**Task prompt**. Retype the lines below exactly, from the one that contains "โลชั่นแก้วมังกร ผสมสมุนไพรหลายชนิด เช่น" through the last, and leave every picture out.

Records excerpted from a collection:
--*--

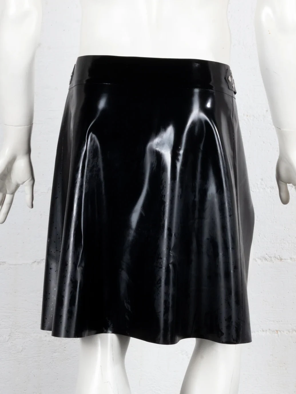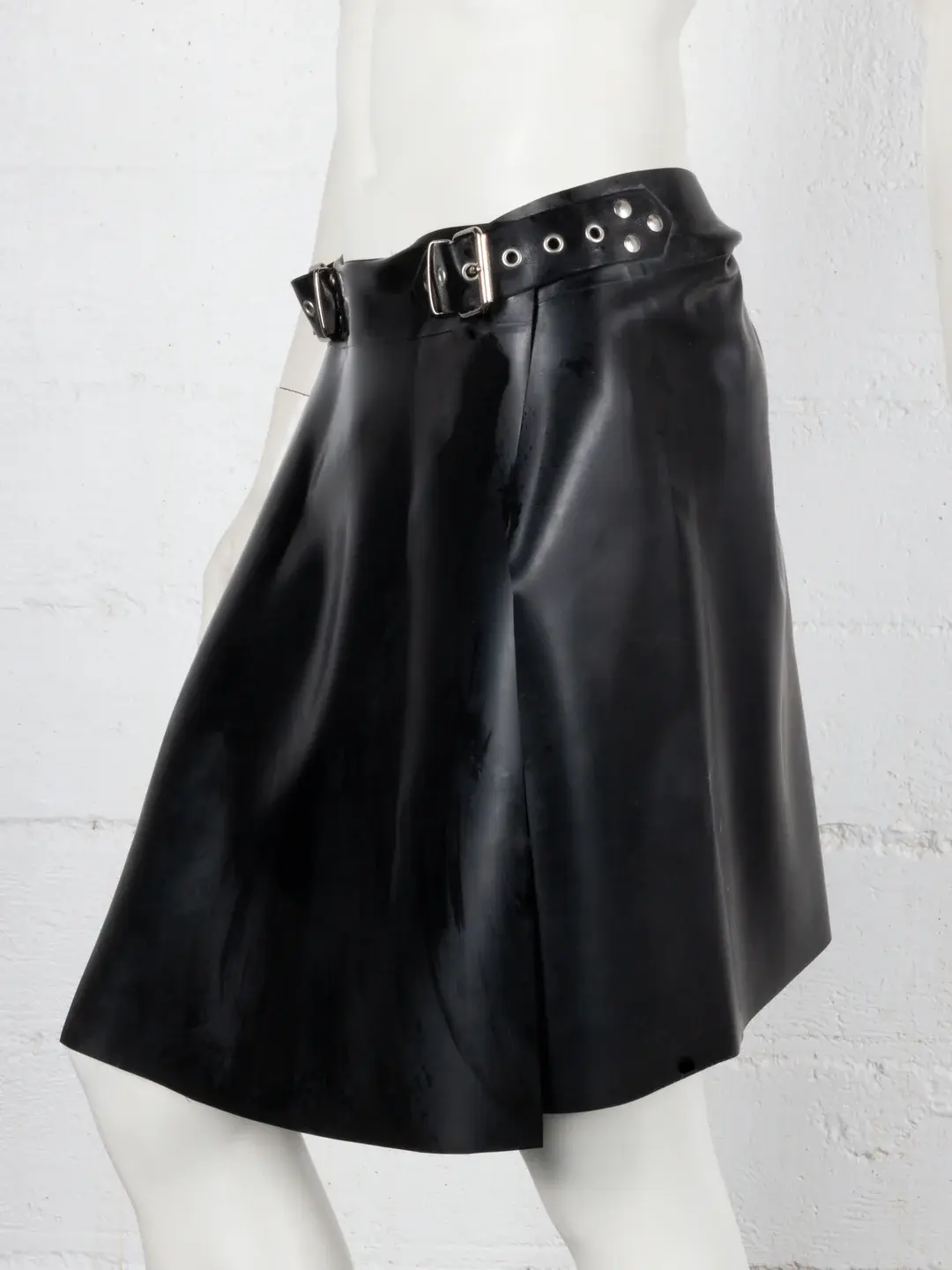 Front and back flaps make up this latex kilt, held together by the waistband. Buckle details on the left and right hip-fastening keep it in place.
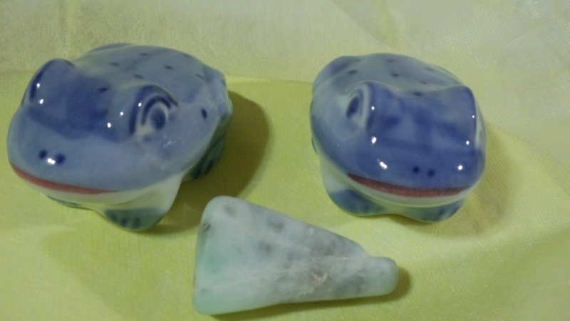 可愛い美濃焼きのカエルに間にあるのは、糸魚川の翡翠。
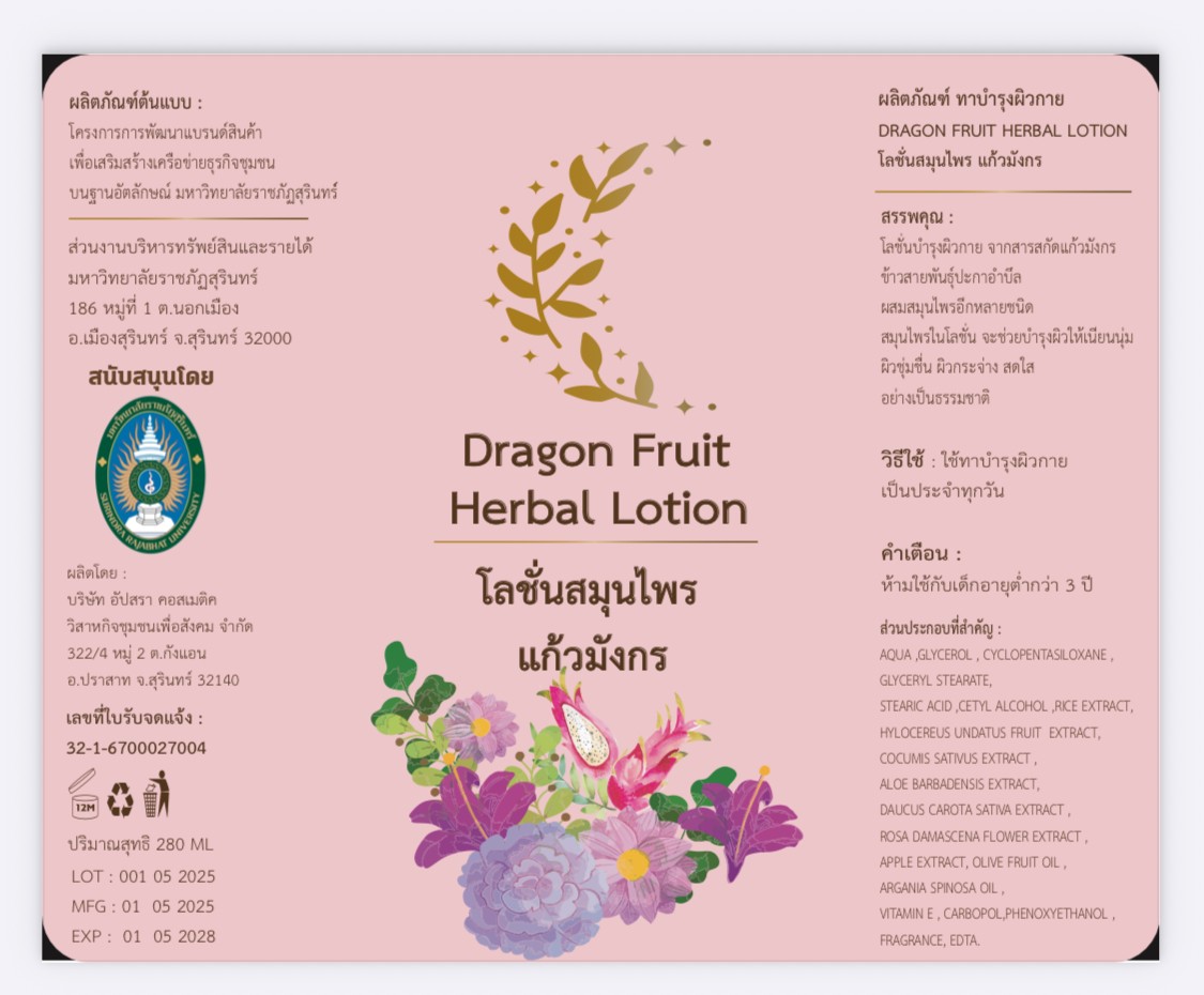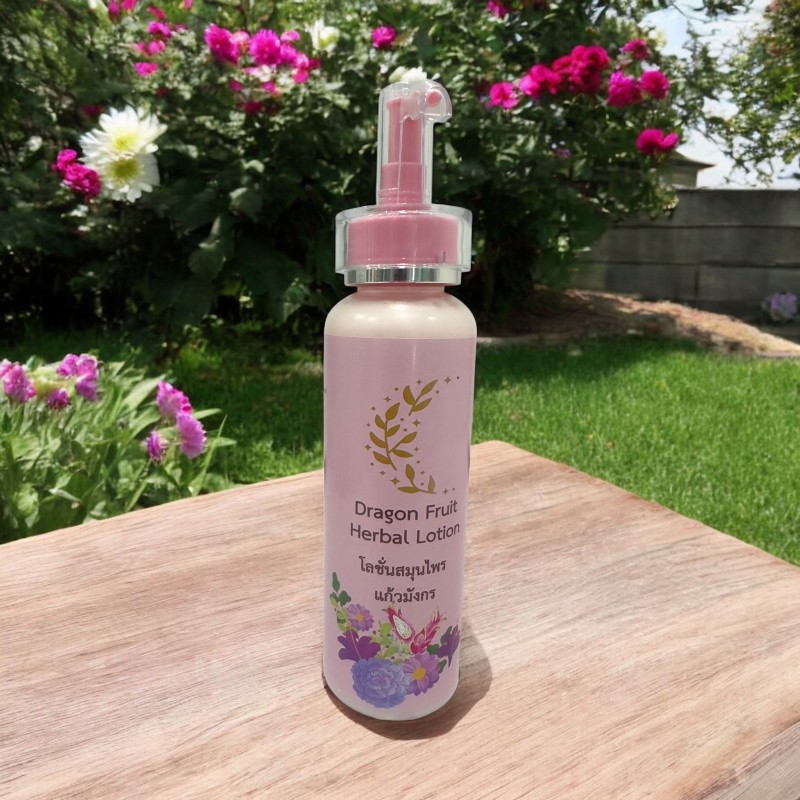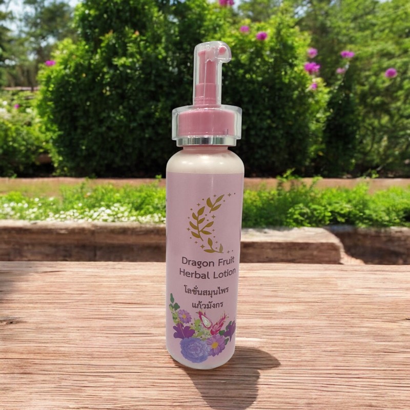 โลชั่นแก้วมังกร ผสมสมุนไพรหลายชนิด เช่น ขมิ้นชัน ว่างหางจระเข้ แตงกวา และอื่นๆ เน้นบำรุงผิวให้เนียนนุ่ม ชุ่มชื่น กระจ่างสดใส อย่างเป็นธรรมชาติ
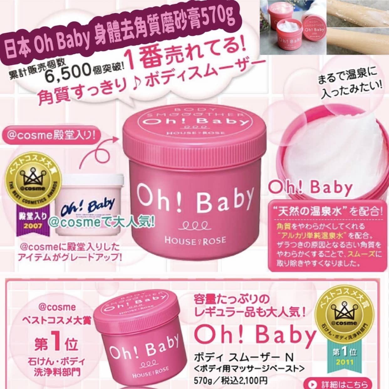 Previous Product Next Product 日本製🇯🇵HOUSE OF ROSE Oh! Baby身體去角質磨砂膏 ~570g $108.00 去除肌膚表面的老廢角質及死皮,瞬間水潤亮澤和透明感的幼嫩肌膚 日本連續3年美體化妝品冠軍🏆得主 是日本鼎鼎有名的一款身體磨砂膏。 日本製🇯🇵HOUSE OF ROSE Oh! Baby身體去角質磨砂膏 ~570g 數量 加入購物車 描述 評價 (0) 描述 日本製🇯🇵HOUSE OF ROSEOh! Baby身體去角質磨砂膏 ~570g 為夏天☀️做好準備,幫肌膚深層清潔🧽用家一致好評超好用👍🏻👍🏻去除肌膚表面的老廢角質及死皮,瞬間水潤亮澤和透明感的幼嫩肌膚💃🏻💃🏻日本連續3年美體化妝品冠軍🏆得主,2007年入cosme殿堂,是日本鼎鼎有名的一款身體磨砂膏。唔似一般磨沙裡面還添加一堆雜七雜八的,導致磨砂濃度很低,呢罐裡幾乎都是磨沙,所以特別重,膏體好厚,需要和水使用。 ❤️呢罐夠實惠,技術含量上可沒馬虎,磨沙個個都能感覺出是圓潤潤的,不會在磨的過程中滑傷皮膚,冲水💦乾淨之後皮膚也特別柔滑,呢款磨砂膏用溫泉水的結晶為主料,添加了蠶絲微粒,磨砂非常細膩,不會傷害嬌嫩肌膚,清除老舊角質,讓皮膚柔軟水潤,充滿透明感。 使用方法:1⃣使用浴液後將磨砂膏挖出少量至於掌中,加點水慢慢調和,塗抹於全身,然後輕輕按摩。2⃣你會感覺到很多細小的沙粒般的磨砂在皮膚上滾動,肌膚隨著磨砂的滾動變得滑膩起來,肘臂膝蓋等部位可重點按摩。3⃣最後用水沖洗全身。手肘,膝蓋等部位可稍微用力按摩。其他部位輕柔打轉按摩。 📌適合所有膚質📌容量:570g📌產地:日本🇯🇵 商品評價 目前沒有評價。 只有註冊並且購買過商品的顧客才能撰寫評價。 相關商品 Quick View Out of Stock Quick View 日本🇯🇵殿堂級Salon專用品牌✨Milbon Deesse’s Hair Treatment 護髮精華焗油✨ $49.00 選擇規格 此產品有多種款式。 可在產品頁面選擇選項 Quick View Quick View 韓國🇰🇷LABEL YOUNG的捲彈造型護髮霜~100ml $109.00 加入購物車 Quick View Quick View 韓國🇰🇷LadyKin膠原蛋白身體乳200ml 買一送一 $88.00 加入購物車 Quick View Quick View 韓國《Masil 9肽免沖洗護髮精華》180ml $75.00 加入購物車
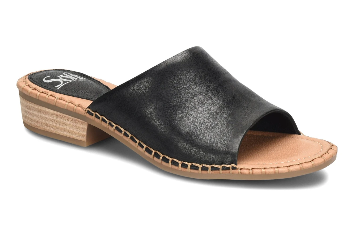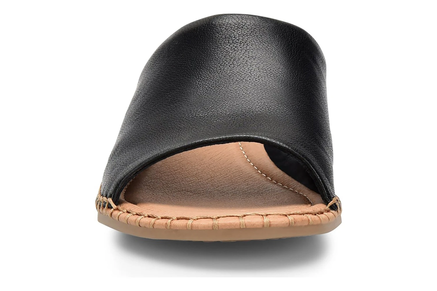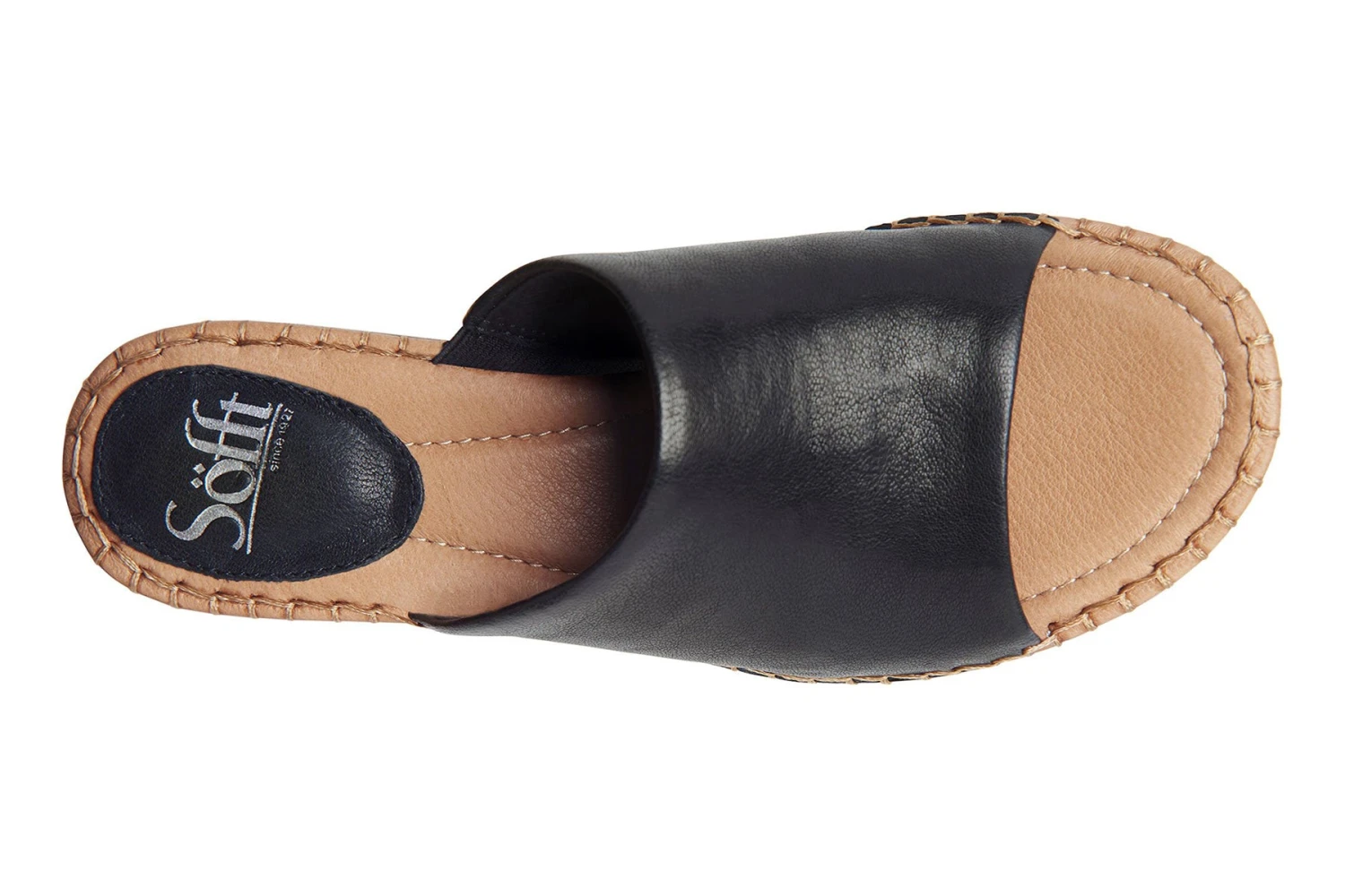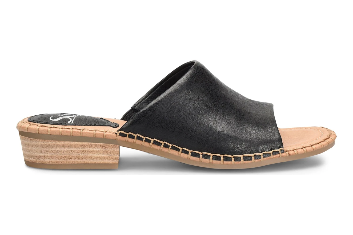 Sofft Nalanie is an elegant and comfortable slide sandal. These slip-ons have leather uppers, linings and insoles, cushioned footbed and flexible TPR outsole. Other features include blanket stitch detailing and a 1-inch stacked heel.

--*--

**Solution**.
 โลชั่นแก้วมังกร ผสมสมุนไพรหลายชนิด เช่น ขมิ้นชัน ว่างหางจระเข้ แตงกวา และอื่นๆ เน้นบำรุงผิวให้เนียนนุ่ม ชุ่มชื่น กระจ่างสดใส อย่างเป็นธรรมชาติ
 Previous Product Next Product 日本製🇯🇵HOUSE OF ROSE Oh! Baby身體去角質磨砂膏 ~570g $108.00 去除肌膚表面的老廢角質及死皮,瞬間水潤亮澤和透明感的幼嫩肌膚 日本連續3年美體化妝品冠軍🏆得主 是日本鼎鼎有名的一款身體磨砂膏。 日本製🇯🇵HOUSE OF ROSE Oh! Baby身體去角質磨砂膏 ~570g 數量 加入購物車 描述 評價 (0) 描述 日本製🇯🇵HOUSE OF ROSEOh! Baby身體去角質磨砂膏 ~570g 為夏天☀️做好準備,幫肌膚深層清潔🧽用家一致好評超好用👍🏻👍🏻去除肌膚表面的老廢角質及死皮,瞬間水潤亮澤和透明感的幼嫩肌膚💃🏻💃🏻日本連續3年美體化妝品冠軍🏆得主,2007年入cosme殿堂,是日本鼎鼎有名的一款身體磨砂膏。唔似一般磨沙裡面還添加一堆雜七雜八的,導致磨砂濃度很低,呢罐裡幾乎都是磨沙,所以特別重,膏體好厚,需要和水使用。 ❤️呢罐夠實惠,技術含量上可沒馬虎,磨沙個個都能感覺出是圓潤潤的,不會在磨的過程中滑傷皮膚,冲水💦乾淨之後皮膚也特別柔滑,呢款磨砂膏用溫泉水的結晶為主料,添加了蠶絲微粒,磨砂非常細膩,不會傷害嬌嫩肌膚,清除老舊角質,讓皮膚柔軟水潤,充滿透明感。 使用方法:1⃣使用浴液後將磨砂膏挖出少量至於掌中,加點水慢慢調和,塗抹於全身,然後輕輕按摩。2⃣你會感覺到很多細小的沙粒般的磨砂在皮膚上滾動,肌膚隨著磨砂的滾動變得滑膩起來,肘臂膝蓋等部位可重點按摩。3⃣最後用水沖洗全身。手肘,膝蓋等部位可稍微用力按摩。其他部位輕柔打轉按摩。 📌適合所有膚質📌容量:570g📌產地:日本🇯🇵 商品評價 目前沒有評價。 只有註冊並且購買過商品的顧客才能撰寫評價。 相關商品 Quick View Out of Stock Quick View 日本🇯🇵殿堂級Salon專用品牌✨Milbon Deesse’s Hair Treatment 護髮精華焗油✨ $49.00 選擇規格 此產品有多種款式。 可在產品頁面選擇選項 Quick View Quick View 韓國🇰🇷LABEL YOUNG的捲彈造型護髮霜~100ml $109.00 加入購物車 Quick View Quick View 韓國🇰🇷LadyKin膠原蛋白身體乳200ml 買一送一 $88.00 加入購物車 Quick View Quick View 韓國《Masil 9肽免沖洗護髮精華》180ml $75.00 加入購物車
 Sofft Nalanie is an elegant and comfortable slide sandal. These slip-ons have leather uppers, linings and insoles, cushioned footbed and flexible TPR outsole. Other features include blanket stitch detailing and a 1-inch stacked heel.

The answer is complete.